» **What you will do**:
Output, exactly as written, the lines below from the one that has "當然,孿生和滑移可能按順序發" through the one that has "Bermuda de hombre"; nothing else, and no pictures.

» **Input material**:
>>

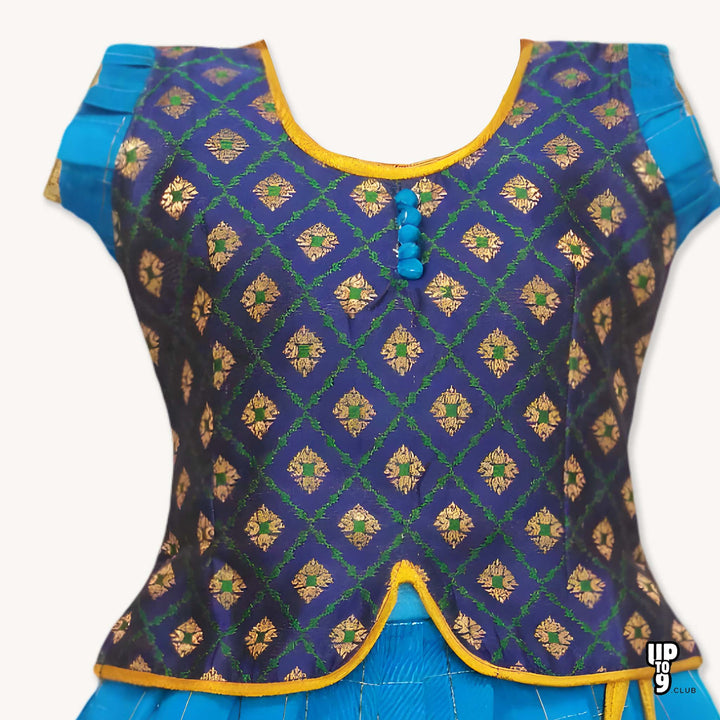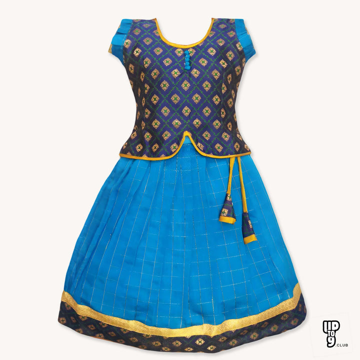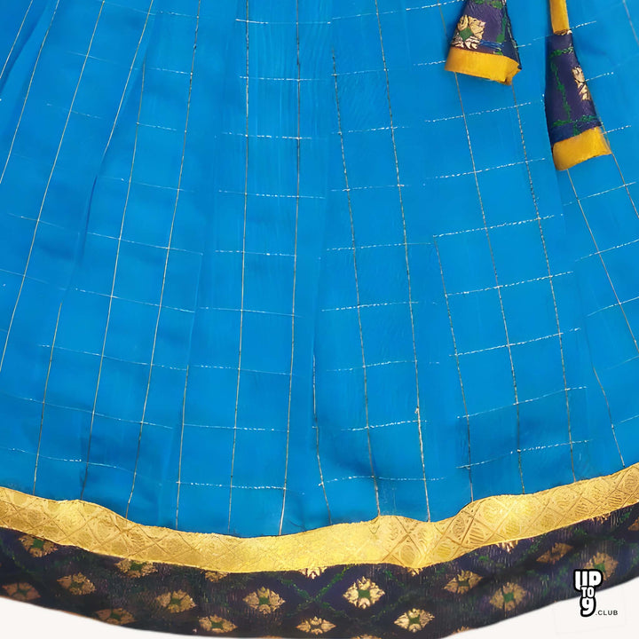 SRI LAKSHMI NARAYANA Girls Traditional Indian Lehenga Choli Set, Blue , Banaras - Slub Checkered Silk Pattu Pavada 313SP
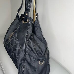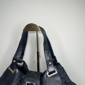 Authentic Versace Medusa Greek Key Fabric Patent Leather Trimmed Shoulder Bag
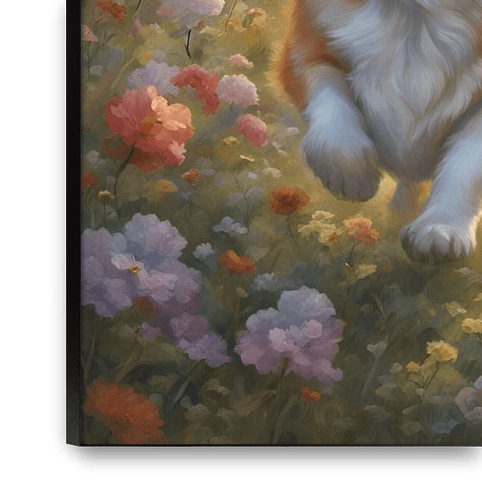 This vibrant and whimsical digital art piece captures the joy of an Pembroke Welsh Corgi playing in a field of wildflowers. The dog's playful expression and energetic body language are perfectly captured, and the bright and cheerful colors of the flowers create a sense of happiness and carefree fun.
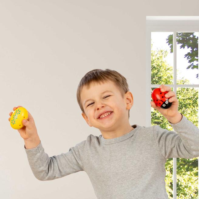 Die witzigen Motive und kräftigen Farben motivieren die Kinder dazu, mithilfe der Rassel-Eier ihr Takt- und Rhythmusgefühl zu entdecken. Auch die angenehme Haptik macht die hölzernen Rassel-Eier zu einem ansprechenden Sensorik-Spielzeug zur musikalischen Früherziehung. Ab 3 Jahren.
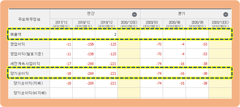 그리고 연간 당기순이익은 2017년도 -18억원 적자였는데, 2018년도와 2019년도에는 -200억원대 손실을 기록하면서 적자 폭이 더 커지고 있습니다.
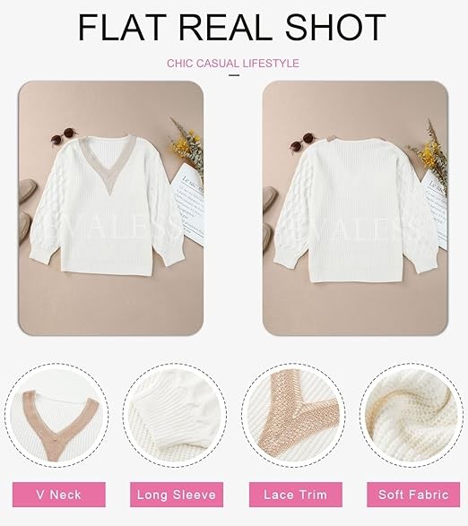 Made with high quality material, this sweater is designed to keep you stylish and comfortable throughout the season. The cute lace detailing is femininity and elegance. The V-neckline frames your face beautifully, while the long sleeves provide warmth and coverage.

<<
>>

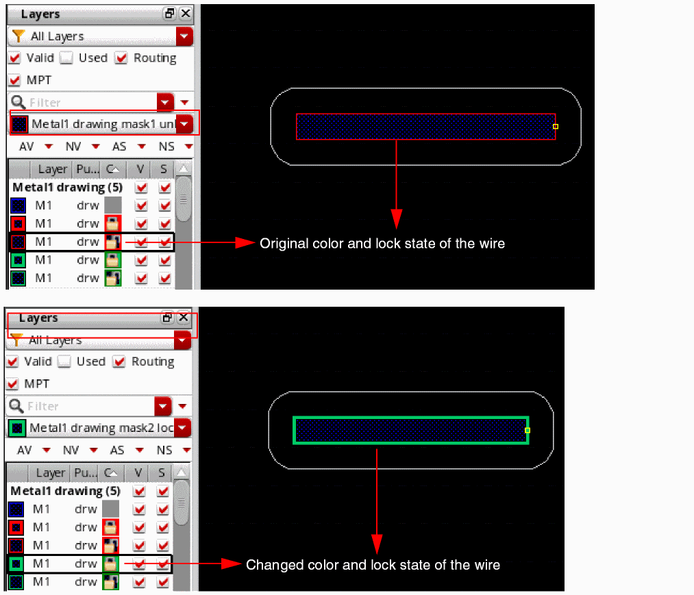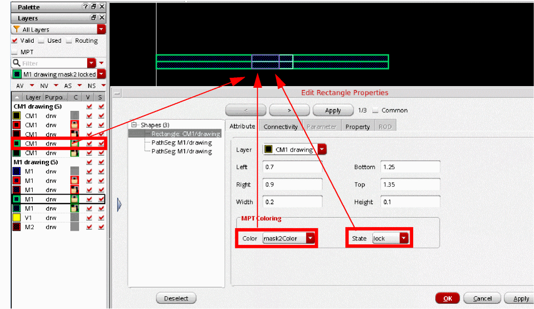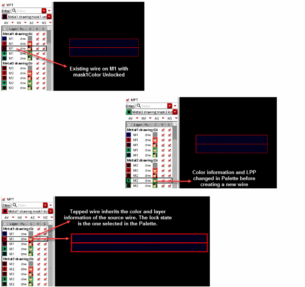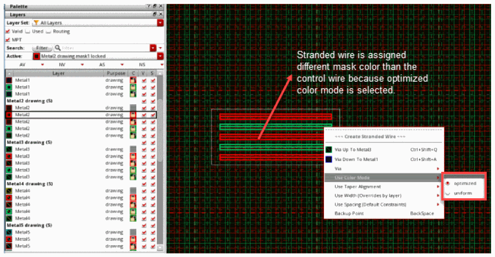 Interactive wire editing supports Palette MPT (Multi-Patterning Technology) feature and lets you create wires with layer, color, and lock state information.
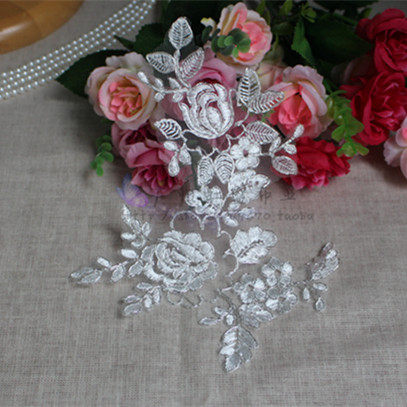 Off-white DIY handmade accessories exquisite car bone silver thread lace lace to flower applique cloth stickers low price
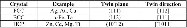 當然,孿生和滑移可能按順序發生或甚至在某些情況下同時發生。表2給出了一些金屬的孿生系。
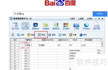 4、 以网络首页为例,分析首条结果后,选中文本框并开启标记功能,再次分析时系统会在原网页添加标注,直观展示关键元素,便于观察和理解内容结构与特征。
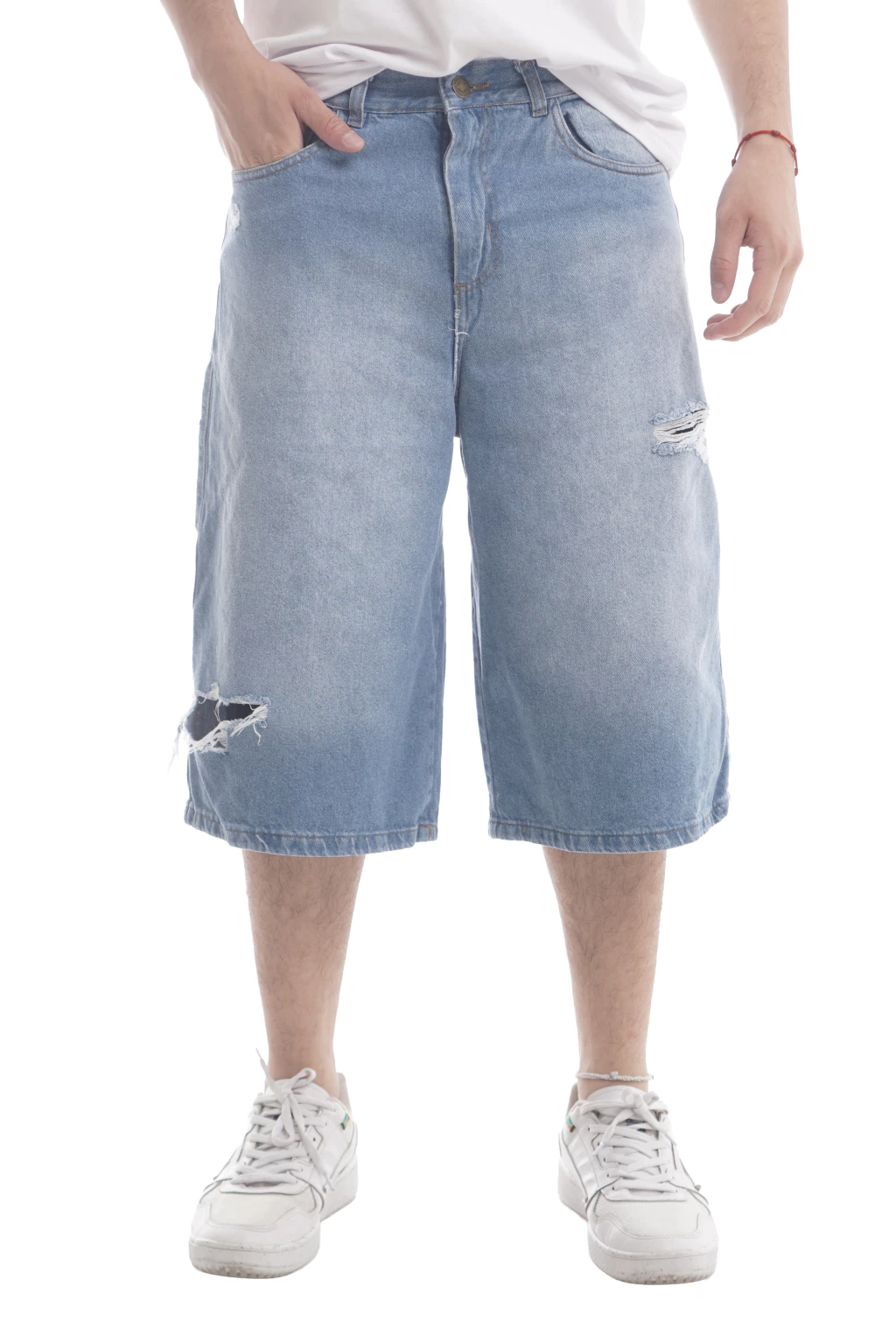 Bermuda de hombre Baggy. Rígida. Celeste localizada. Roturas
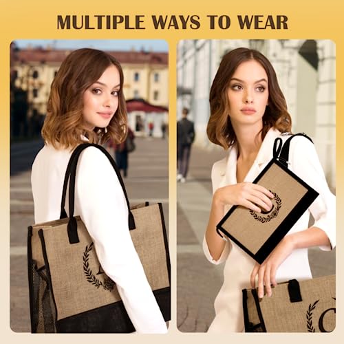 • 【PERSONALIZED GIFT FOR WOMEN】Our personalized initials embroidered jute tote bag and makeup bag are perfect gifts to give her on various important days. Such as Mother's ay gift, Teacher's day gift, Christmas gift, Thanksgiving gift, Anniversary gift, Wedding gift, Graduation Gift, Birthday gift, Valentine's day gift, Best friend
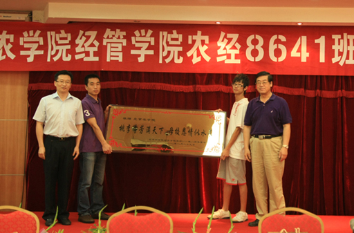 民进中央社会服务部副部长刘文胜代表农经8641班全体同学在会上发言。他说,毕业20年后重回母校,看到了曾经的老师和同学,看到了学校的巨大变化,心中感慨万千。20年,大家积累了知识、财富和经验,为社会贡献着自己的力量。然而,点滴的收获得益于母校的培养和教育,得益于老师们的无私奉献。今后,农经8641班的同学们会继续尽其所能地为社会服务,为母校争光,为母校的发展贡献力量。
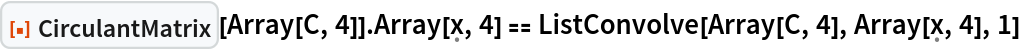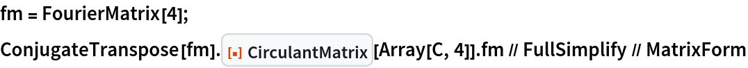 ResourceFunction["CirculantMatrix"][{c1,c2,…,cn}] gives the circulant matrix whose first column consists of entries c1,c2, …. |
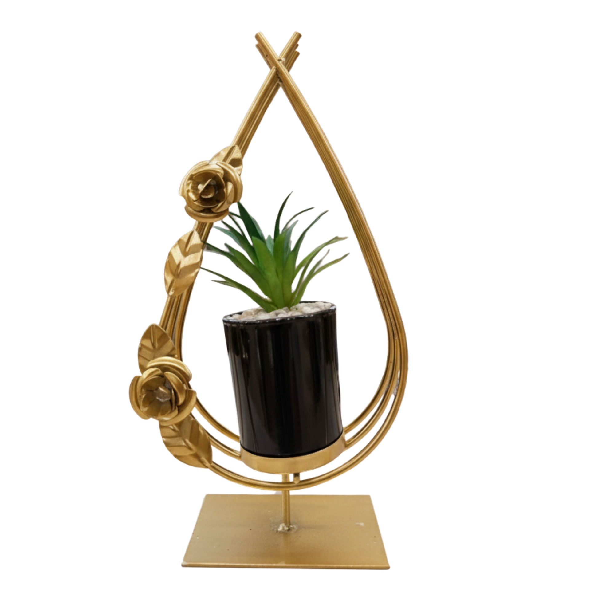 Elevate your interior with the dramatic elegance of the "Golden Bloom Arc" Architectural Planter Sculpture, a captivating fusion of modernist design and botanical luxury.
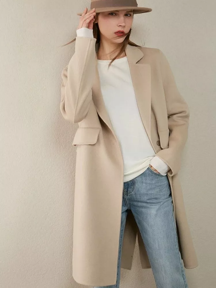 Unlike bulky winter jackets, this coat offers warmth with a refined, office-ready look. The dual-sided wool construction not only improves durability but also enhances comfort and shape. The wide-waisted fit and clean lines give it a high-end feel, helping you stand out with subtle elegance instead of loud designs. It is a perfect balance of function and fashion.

<<
>>

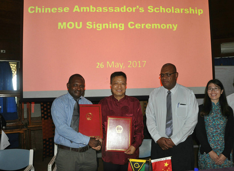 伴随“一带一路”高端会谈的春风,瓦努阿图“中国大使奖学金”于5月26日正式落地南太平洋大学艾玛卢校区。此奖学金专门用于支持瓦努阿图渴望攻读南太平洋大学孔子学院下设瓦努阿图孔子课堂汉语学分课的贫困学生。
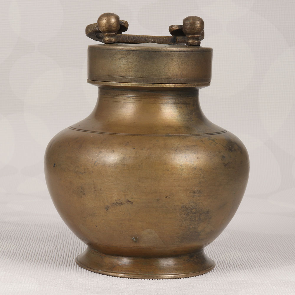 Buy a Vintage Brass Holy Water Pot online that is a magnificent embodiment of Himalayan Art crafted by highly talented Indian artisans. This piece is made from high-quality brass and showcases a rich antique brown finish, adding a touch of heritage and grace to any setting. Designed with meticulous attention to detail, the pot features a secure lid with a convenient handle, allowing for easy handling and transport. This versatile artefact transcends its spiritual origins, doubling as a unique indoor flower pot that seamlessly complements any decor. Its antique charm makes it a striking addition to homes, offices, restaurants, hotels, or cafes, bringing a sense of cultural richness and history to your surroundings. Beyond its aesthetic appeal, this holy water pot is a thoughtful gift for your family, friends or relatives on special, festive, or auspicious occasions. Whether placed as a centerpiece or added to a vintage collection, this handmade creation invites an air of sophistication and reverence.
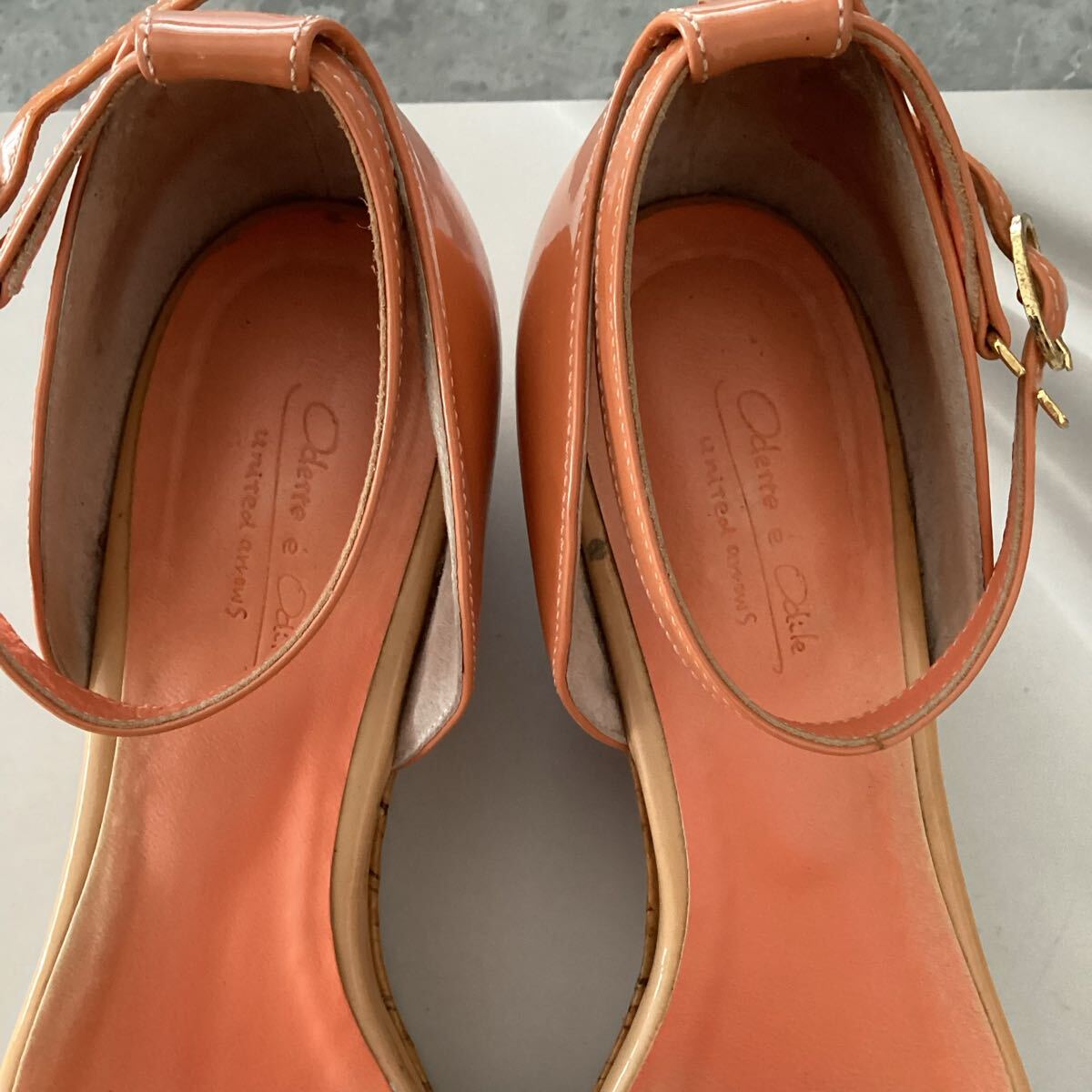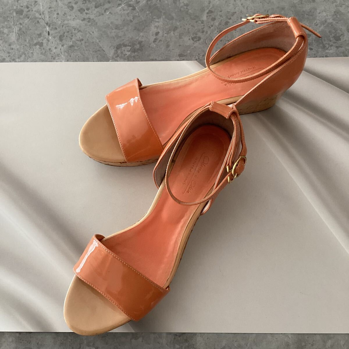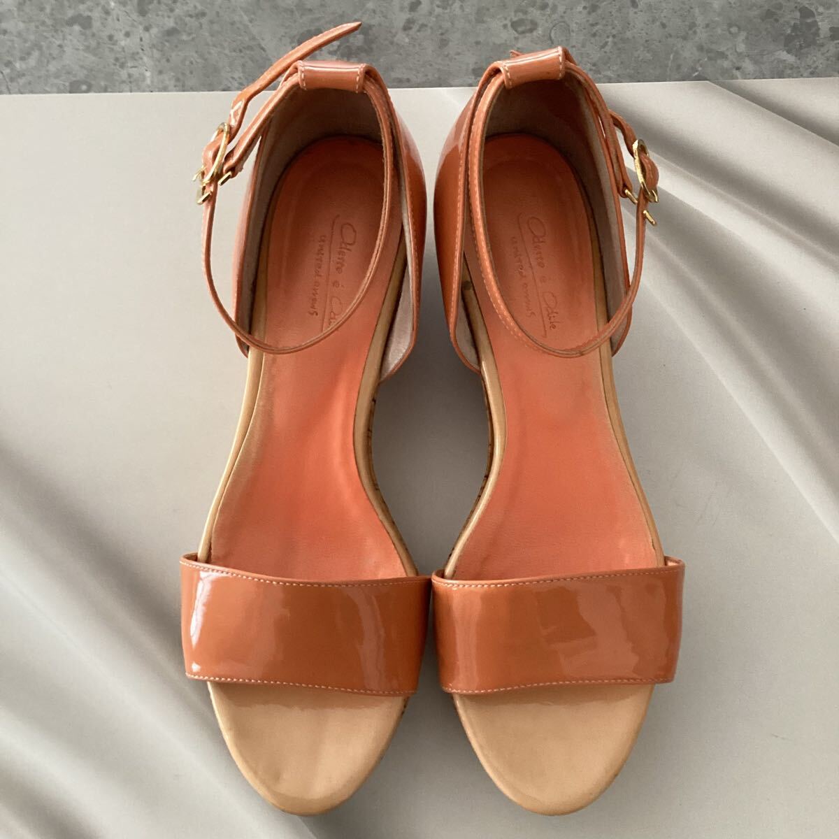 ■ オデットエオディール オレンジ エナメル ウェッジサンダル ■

<<

» **Task answer**:
 當然,孿生和滑移可能按順序發生或甚至在某些情況下同時發生。表2給出了一些金屬的孿生系。
 4、 以网络首页为例,分析首条结果后,选中文本框并开启标记功能,再次分析时系统会在原网页添加标注,直观展示关键元素,便于观察和理解内容结构与特征。
 Bermuda de hombre Baggy. Rígida. Celeste localizada. Roturas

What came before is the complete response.